5g of zinc is treated separately with an excess of
(a) dilute hydrochloric acid and
(b) aqueous sodium hydroxide.
The ratio of the volumes of $$H_2$$ evolved in these two reactions is:

First we note the atomic (molar) mass of zinc:

$$M_{\text{Zn}} = 65 \ \text{g mol}^{-1}$$

The mass of zinc given is

$$m_{\text{Zn}} = 5 \ \text{g}$$

Hence the number of moles of zinc present is obtained from the relation

$$n = \dfrac{m}{M}$$

Substituting the values, we get

$$n_{\text{Zn}} = \dfrac{5 \ \text{g}}{65 \ \text{g mol}^{-1}} = \dfrac{5}{65} \ \text{mol} = \dfrac{1}{13} \ \text{mol}$$

Now we consider the two separate reactions.

Reaction (a): Zinc with dilute hydrochloric acid

The balanced chemical equation is

$$\text{Zn} + 2\,\text{HCl} \longrightarrow \text{ZnCl}_2 + \text{H}_2$$

From the equation we see that

1 mol Zn → 1 mol H2

Therefore, the moles of hydrogen evolved in this case will be

$$n_{\text{H}_2,\; \text{from HCl}} = n_{\text{Zn}} = \dfrac{1}{13} \ \text{mol}$$

Reaction (b): Zinc with aqueous sodium hydroxide

The balanced chemical equation is

$$\text{Zn} + 2\,\text{NaOH} \longrightarrow \text{Na}_2\text{ZnO}_2 + \text{H}_2$$

(The product Na2ZnO2 is called sodium zincate.)

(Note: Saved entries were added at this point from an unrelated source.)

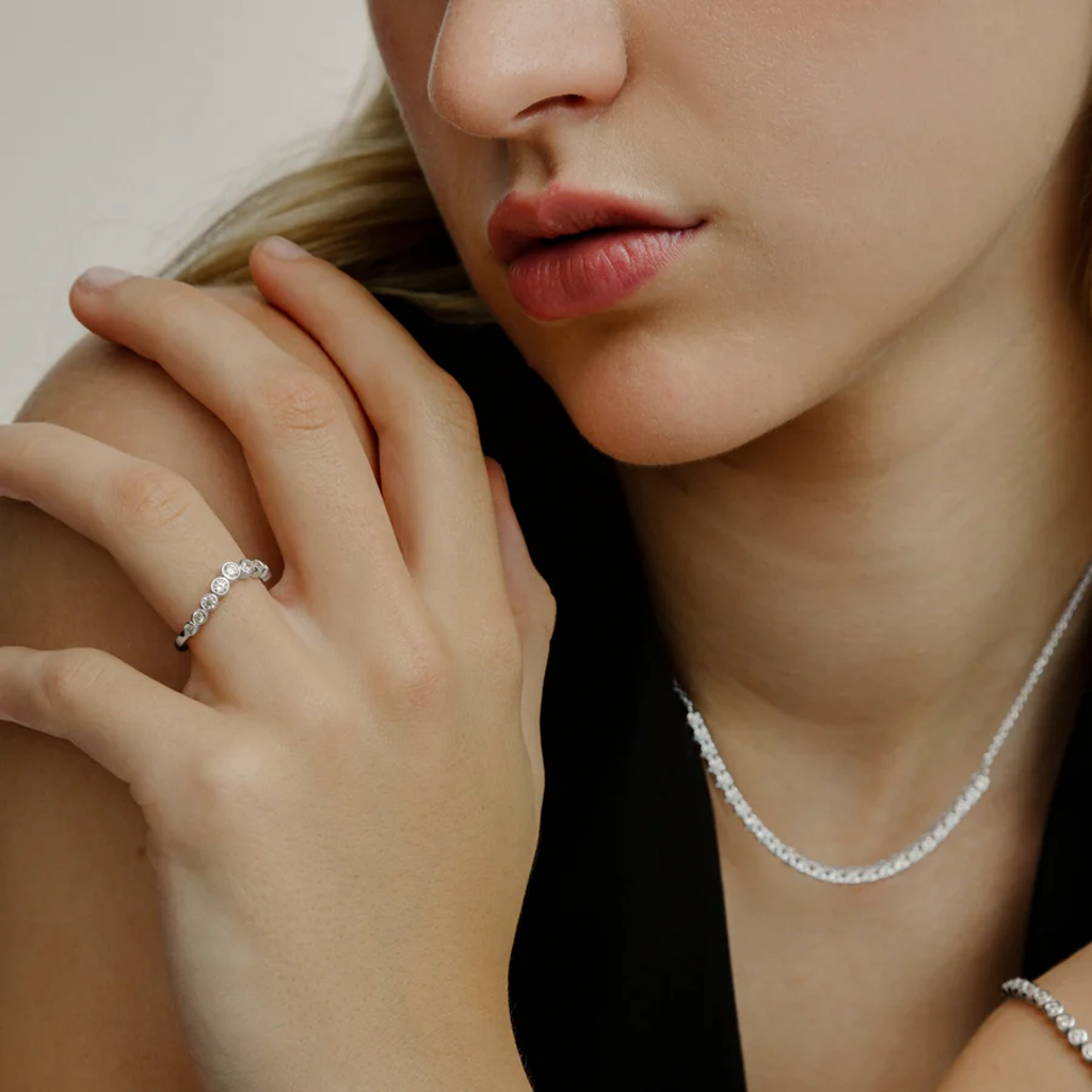 Der VENICE Ring aus rhodiniertem 925/- Sterlingsilber ist mit mehreren funkelnden Zirkonia-Steinen in Zargenfassungen besetzt, die sich gleichmäßig entlang der Ringschiene anordnen. Das fließende Design verleiht dem Ring eine elegante, moderne Ausstrahlung. Das macht den Ring zu einem stilvollen Begleiter, der sich mühelos in unterschiedliche Looks einfügt. Der Ring lässt sich sowohl einzeln tragen als auch im Ring-Stacking kombinieren. Ein zeitloses Schmuckstück für alle, die schlichte Eleganz mit funkelnden Akzenten schätzen.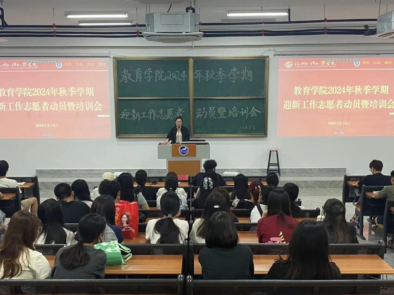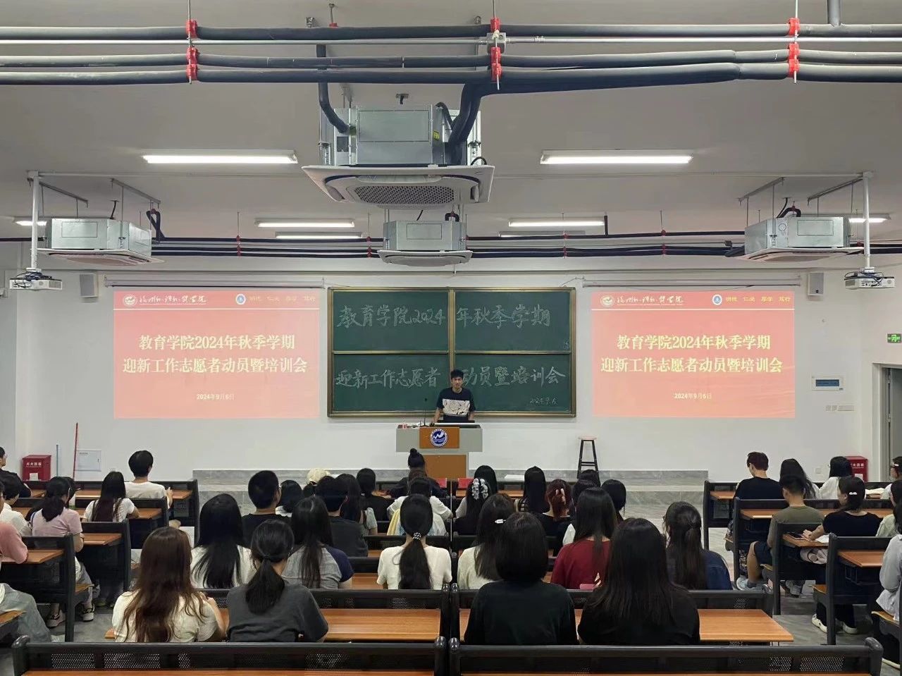 迎新启航,“育”你同行。9月6日晚,我院2024年秋季学期迎新工作志愿者动员暨培训会于人文楼3-201顺利召开。本次培训会由团委副书记陈杰明主持,团委书记修丽萍,各年级新生辅导员及迎新工作志愿者参加本次会议。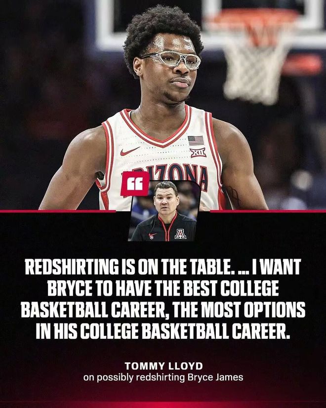 劳埃德说:“我们在保护他选择红衫的机会,我希望布莱斯拥有最好的大学篮球生涯,长期来看有最多的选择,不论那是什么样子。你让布莱斯在这样的比赛里出场三分钟,就等于消耗了一年的资格。”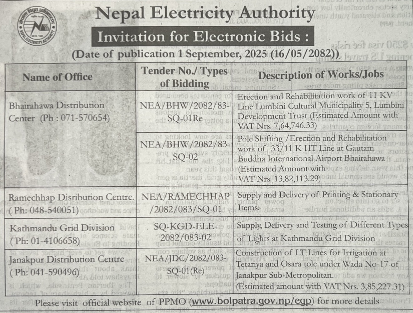 | 32 | NEA, Koshi Provincial Office | Supply and Delivery of Transformer Oil | 31/08/2025 | PPMO | 08/10/2025 | Click Here | |

Again, we observe from the equation that

1 mol Zn → 1 mol H2

Thus the moles of hydrogen evolved here are also

$$n_{\text{H}_2,\; \text{from NaOH}} = n_{\text{Zn}} = \dfrac{1}{13} \ \text{mol}$$

Since both reactions produce the same number of moles of hydrogen gas, and equal moles of any gas occupy equal volumes under identical conditions (Avogadro’s law), the volumes of hydrogen obtained from the two experiments are equal.

Therefore,

$$V_{\text{H}_2\;(\text{from HCl})} : V_{\text{H}_2\;(\text{from NaOH})} = 1 : 1$$

Hence, the correct answer is Option B.